Figure out how to have a good time and keep your chin up, and keep practicing magic until you develop your own sense of what needs to be done. Strive to walk through life without causing suffering. VERY important: Figure out new and cheap ways for large groups of people to have shared ecstatic experiences that are able to cut across identity boundaries. Ignore mass media. Get off the internet. Enjoy life and this planet while we still have them, for fuck's sake. Don't let the bastards get you down. Don't be a bastard. Praise. Worship. Be thankful.
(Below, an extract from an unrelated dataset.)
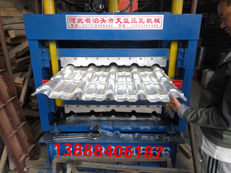 800型琉璃瓦压瓦机设备分为三部分,辊道成型部分、压型部分、切刀部分。辊道成型部分是由电机拖动,链条带动各辊转动。压型部分是液压缸带动模具上下移动,可以把彩钢压成许多节,形似琉璃瓦。切刀部分是液压缸带动刀具上下移动,可以把彩色钢瓦切断。

Be kind to animals and always give your pocket change to the homeless no matter how poor you are. Look out for the people you care about. Live as if you are free and you will be free, always. Listen to the Voice of the Silence. Read the writing on the walls of eternity.
> Whats the secret to Ultraculture manifesting change in the world?
Shortly after the New Year I brokered a trade via the usual cosmic networks in which I sold the oversoul of Planet Earth to the universal entropic force (Satan, affectionately known as Stan) in
exchange for him supercharging the 93/156/696 Current to the point where everybody on earth instantly attained ascended master status and gained complete freedom over their own destiny in this reality and all others. No, really. There is now no such thing as consensual reality and what every person on the planet is currently experiencing is a living mirror specifically created by their own "master" consciousness designed to awaken them to the fact that they are, in fact, an ascended master and have complete freedom over their own destiny in this reality and all others. Seriously.
Also, I have a magic daisy chain of kinky sexual badgers in my kitchen cupboard that acts as an endless orgone battery for creating world happiness and lollipops for all. Because they are very, very magical badgers. Very magical indeed. Badger. Badger.
> Whats something someone new to magic could do right now to spread the vibe?
If you're new to magic, don't worry about spreading the vibe. Get your practice sorted and learn the most important magic trick of all, the one I always goof up: keeping your mouth shut. That is, unless
somebody comes directly to you with an honest need for info, in which case you better spill all the beans you got.
> Can you describe the result Tantra can induce for magical purposes, and the Ultraculture in particular?
To be honest I've been doing my best to get my head around Tantra for a couple years but it's very personal, very subtle, I'm still very new to it and I don't have a whole lot to say. I think the basic idea of Tantra~wake up and be aware of what's going on is one of the most important and most difficult/easy/"it just is" areas of magic, or rather, the whole magic ball game period. I like it. I makes me feel more human.
> What are some projects you have in the works?
I'm working on a couple of projects but I'm not sure I'll have anything more to say about magic, at least directly, in book form, for a while.